(Beginning of Supplied data)
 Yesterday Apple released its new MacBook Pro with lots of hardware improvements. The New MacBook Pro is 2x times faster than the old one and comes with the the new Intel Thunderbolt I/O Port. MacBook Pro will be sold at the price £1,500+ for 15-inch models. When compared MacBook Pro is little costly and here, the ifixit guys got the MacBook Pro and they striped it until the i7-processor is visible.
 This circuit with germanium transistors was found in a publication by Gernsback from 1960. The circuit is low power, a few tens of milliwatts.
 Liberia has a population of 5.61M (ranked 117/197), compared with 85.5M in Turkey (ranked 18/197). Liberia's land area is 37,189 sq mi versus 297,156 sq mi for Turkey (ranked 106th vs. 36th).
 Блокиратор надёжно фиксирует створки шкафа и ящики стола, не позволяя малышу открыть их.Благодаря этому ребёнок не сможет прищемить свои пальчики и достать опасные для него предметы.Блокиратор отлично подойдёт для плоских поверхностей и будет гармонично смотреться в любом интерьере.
(End of Supplied data)
(Beginning of Supplied data)
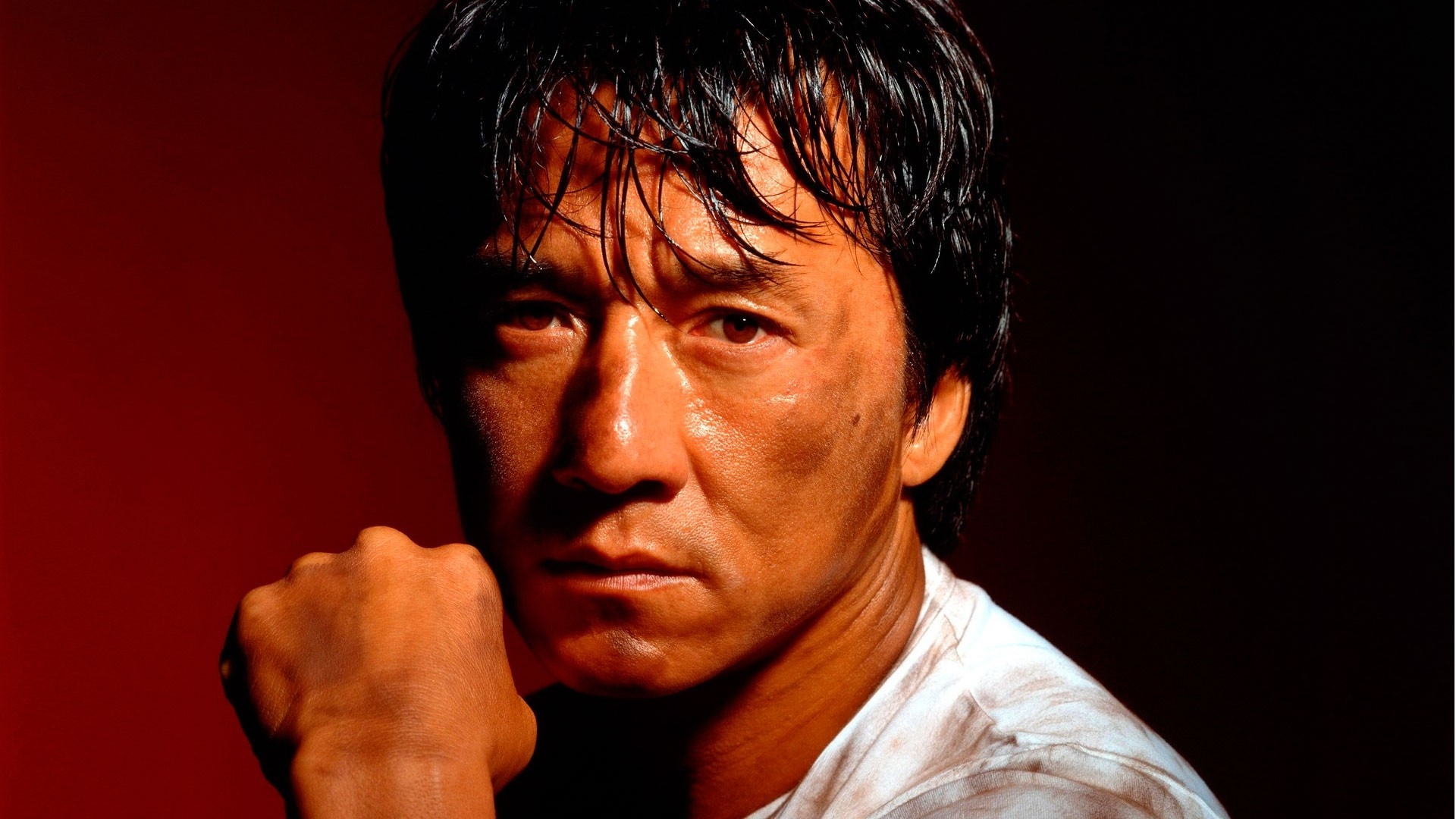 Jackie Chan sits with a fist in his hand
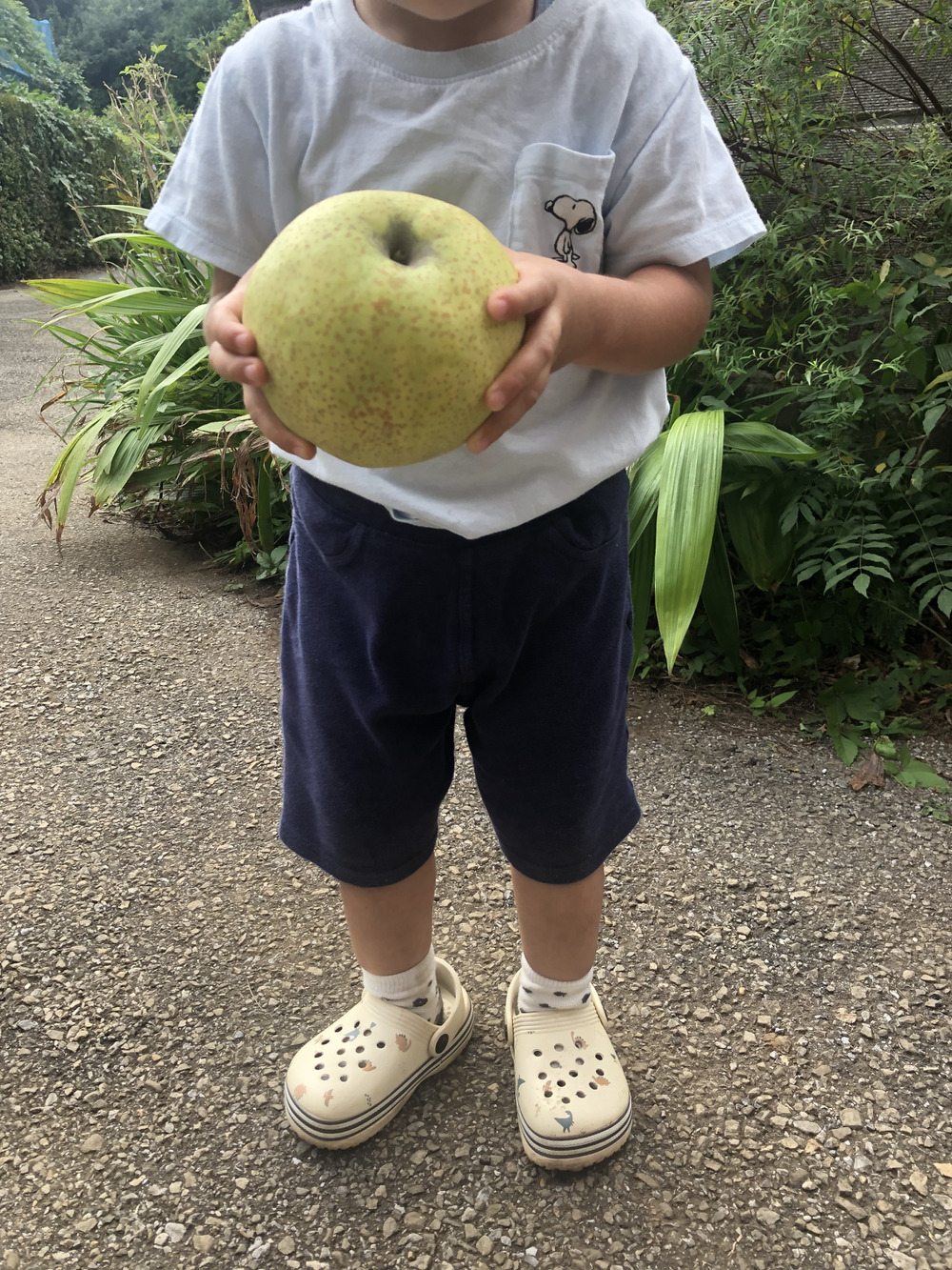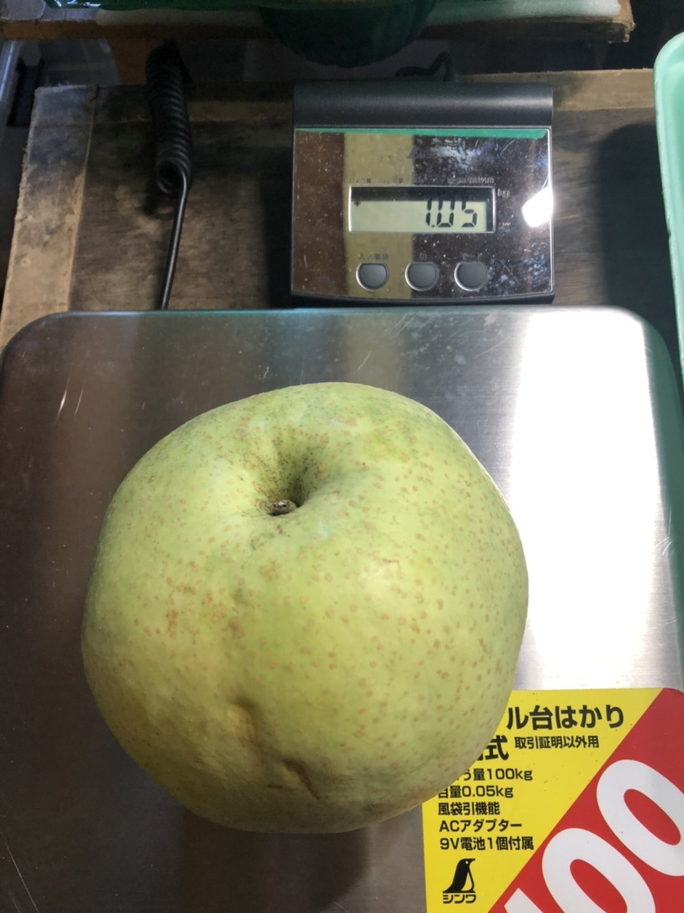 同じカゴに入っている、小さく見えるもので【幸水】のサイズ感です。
(End of Supplied data)
(Beginning of Supplied data)
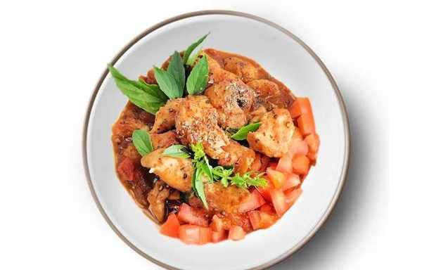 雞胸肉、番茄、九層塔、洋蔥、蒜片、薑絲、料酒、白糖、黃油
(End of Supplied data)
## Problem details
Please show each line in the records above that contains "compared".

## Response area
 Yesterday Apple released its new MacBook Pro with lots of hardware improvements. The New MacBook Pro is 2x times faster than the old one and comes with the the new Intel Thunderbolt I/O Port. MacBook Pro will be sold at the price £1,500+ for 15-inch models. When compared MacBook Pro is little costly and here, the ifixit guys got the MacBook Pro and they striped it until the i7-processor is visible.
 Liberia has a population of 5.61M (ranked 117/197), compared with 85.5M in Turkey (ranked 18/197). Liberia's land area is 37,189 sq mi versus 297,156 sq mi for Turkey (ranked 106th vs. 36th).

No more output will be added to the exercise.